Clues: Serial shows “No IR code” often; actions feel delayed.
Broken code:
if ir_rx.any():
pass # Missing read and action; loop runs too fast without delay
Fixed code:
if ir_rx.any(): # Check code exists
code = ir_rx.code[0] # Read first buffered code
print("[IR] Code:", hex(code)) # Log the code
# Handle action here (direction/speed) # Do the mapped behavior
time.sleep_ms(250) # Add a small delay for stability
Why it works: Reading the buffer and adding a short delay reduces missed events.
Avoid next time: Always read code[0] and keep logs compact.
🐞 Debugging 3.5.B – Slow response
Problem: Car feels sluggish after button presses.

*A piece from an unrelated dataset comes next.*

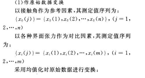 灰色關聯分析是通過對統計序列幾何關係的比較來分清係統中多因素間的關聯程度,序列曲線的幾何形態越接近,則它們之間的關聯度越大。油水、水固、油固界麵張力對接觸角影響程度的灰色關聯分析步驟如下。

Clues: Very large delays or too many prints clog the loop.
Broken code:
time.sleep_ms(1200) # Delay is too large for responsive driving
print("Lots of text...") # Excessive printing every loop
Fixed code:
time.sleep_ms(250) # Keep delays short (150–300 ms)
print("[Move] FORWARD") # Print single, clear status lines
Why it works: Short delays + concise logs keep the control loop snappy.
Avoid next time: Avoid long sleeps and repeated verbose prints.
✅ Final checklist
- Up/Down/Left/Right control directions correctly
- Numbers set speed levels (low/med/high/stop)
- Modes (# turbo, * quiet) change behavior
- Serial logs are clear and short
- Motors stop safely on OK or 0
📚 Extras
- 🧠 Student tip: Practice gentle button taps—single presses control better than holding.
- 🧑🏫 Instructor tip: Verify GND is shared between D1 R32 and L298N before testing.
- 📖 Glossary:
- PWM (duty): How much power the motor sees (0–1023).
- Direction pins: Choose forward/back for each motor.
- Hex code: Base‑16 number used by the IR remote protocol.
- 💡 Mini tips:
- Keep IR receiver away from bright lights.
- Align the remote to the sensor window.
- Test directions with wheels lifted first.